Love Island Bosses Respond To Ex-Contestants’ Claims They Manipulate Situations In The Villa

Love Island bosses have responded to claims that producers manipulate situations in the villa and even push them on who to choose in recouplings. 

Former contestants Jonny Mitchell and Laura Anderson made a series of accusations about the way the ITV2 reality show is made, claiming it is not as real as viewers might be led to believe. 

Jonny Mitchell

Jonny, who appeared on the 2017 series, told Closer magazine: “The producers can do whatever they want. They can push you in certain directions and make you do certain things.

“When I was in there, they’d call you out of the villa and they’d sit down with you and go, ‘How are you feeling about this girl?’

“If there’s a new girl they’d say, ‘I think she’s good looking. Do you think she’s good looking? Why don’t you get to know her?’”

He continued: “They even push you on who to choose in the recouplings! It’s all tactics. I think they already have their own agenda and their own idea of who they want to win.”

Series four contestant Laura also said “There’s no script whatsover but the producers come and speak to us, and they know everything that’s going on.

“They’d watch our reactions – so they’d say, ‘How do you feel about that?’ And I’d say, ‘I really don’t care’. But then they’d be like, ‘Are you sure you don’t care? Because you said this and you looked liked this’.”

Laura Anderson

She also claimed contestants would be separated a lot and asked to hold off having certain conversations. 

“They’d make the boys sit and have dinner, and the girls sit and have dinner, and ask us to keep our conversations for later when we weren’t eating,” she said.

“If there were five different conversations, they’d try to limit it to three. And tell us to let others have a chat first. IT was more about timing than control.”

Responding to the pair’s comments, a Love Island spokesperson said it is “absolutely untrue to suggest that Love Island is fake”, but conceded there are produced elements to the series that they’ve never sought to hide. 

Producers have insisted nothing seen on the show is fake

“As anyone who watches the show regularly would know, Love Island is a combination of reality and produced elements that are reflective of what’s happening in the villa, and is a fair and accurate representation of villa life,” the rep said. 

“We have always been completely transparent about this and the way the show is produced. This is often acknowledged in the voiceover by Iain Stirling. It is absolutely untrue to suggest that Love Island is fake. The opinions they have and the relationships formed are completely within the control of the Islanders themselves.

“As we have said since series one, Love Island is a combination of reality and produced elements.”

Jonny claimed producers can influence the results of recouplings

In a press conference with journalists including HuffPost UK prior to the current series starting, ITV Studios Entertainment boss Angela Jain also shared these sentiments. 

“It’s really important to remind everyone this show is a television programme.

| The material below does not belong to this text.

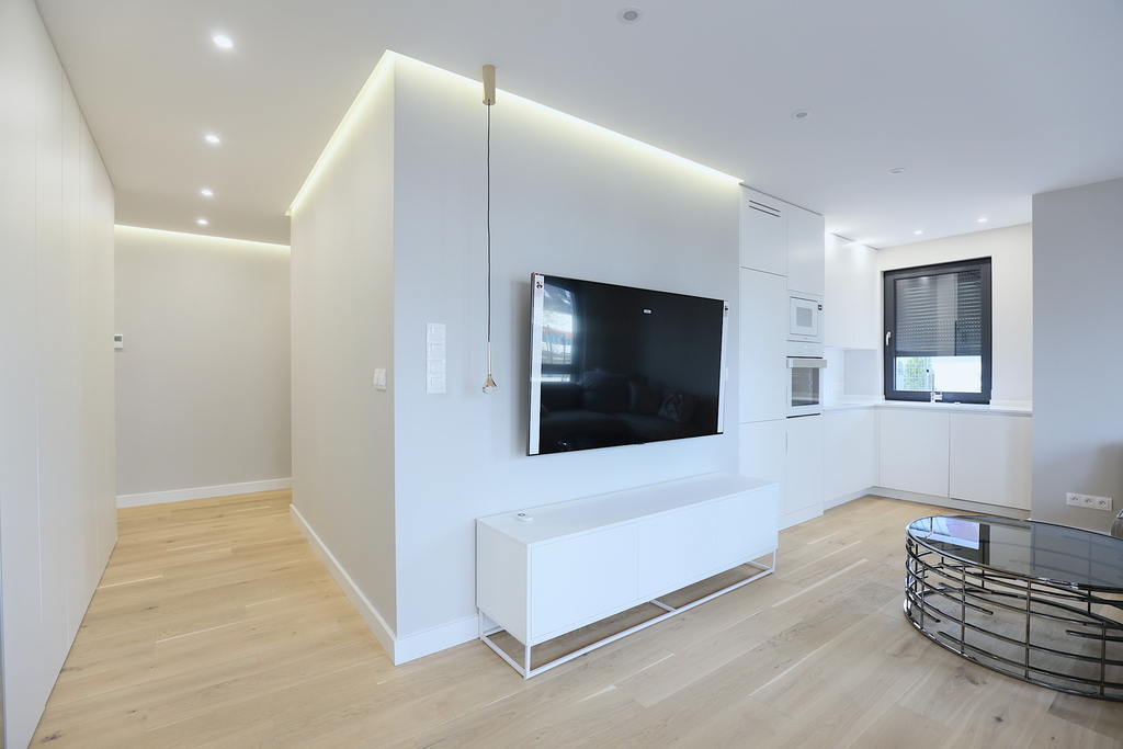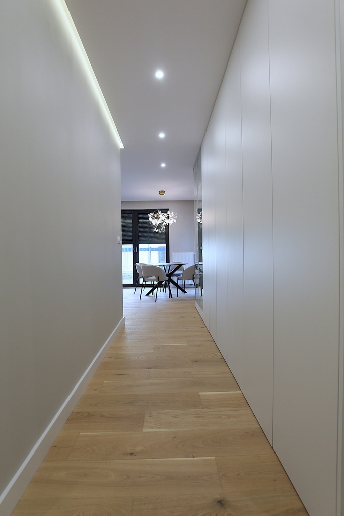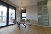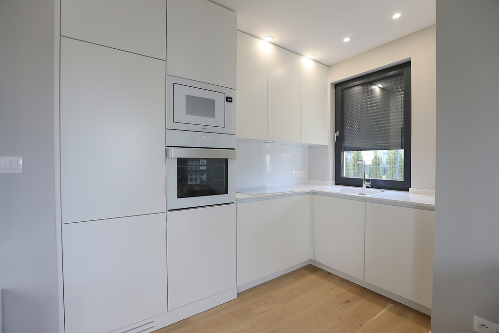 We offer for sale a three-room apartment with an area of 60 m2 on the axis. Galaktyka in the Warszewo district. The apartment is located on the ground floor with a garden with an area of 140 m2 with an east-west exposure with a view of Lake Dąbie. The apartment consists of a living room with a kitchenette with access to the garden, a bedroom, a room, a bathroom and a spacious hall. Finished to a very high standard, triple-glazed windows with electric roller shutters with one remote control, Pol-Skone non-rebated internal doors with magnetic locks, anti-burglary external doors, wooden floors laid on quartz sleepers, lowered ceilings with hidden Paulmann LED lighting, double soundproofed bedroom. Built-in VIP kitchen with matte fronts and Technistone stone worktop, Franke faucet and sink, kitchen equipment: Gorenje oven, separate Gorenje microwave, Samsung built-in fridge with separate freezer, Siemens dishwasher, Siemens induction hob and built-in absorber Siemens. In the living room, a wide TV cabinet, a large 65-inch TV and a soundbar, a large and comfortable Befame rest, a round Kler coffee table, a round table with 4 chairs. Bathroom with unique Tubądzin Maciej Zień ceramic tiles with an insulated bathtub with Grohe fittings and Grohe faucets, built-in capacious wardrobe with a Samsung washer and dryer and a place for chemicals, an illuminated mirror above the sink. A large bedroom overlooking the garden with a capacious built-in wardrobe, a large double bed with a size of 1800 x 2100 and two cabinets, a smaller unfurnished room. In the spacious hall there are illuminated built-in wardrobes and a glass display case, also illuminated. The whole apartment is kept in neutral and pleasant colors with top Flugger paints. Garage in the underground hall under the building with an area of about 19 m2. The premises is fully furnished and equipped with a garage for PLN 849,000.

It is 100% produced, but just to be crystal clear, nothing that you are seeing has been done for the cameras, not at all,” she said.

“When you make television programmes and you’re on a single camera shoot, you shoot the scene wide to start with and then go back in and ask them to repeat actions for cutaways, that is how telly works. But in terms of the 71 cameras rigged in that villa, everything you see are their words and what they want to say.

“The only time they say our words is when they read out a text, so there’s no construction about this.”

She added: “We’re not trying to tell them what to say, we’re not trying to tell them what to do, it’s all their own words.”

Love Island airs Sunday to Friday at 9pm on ITV2.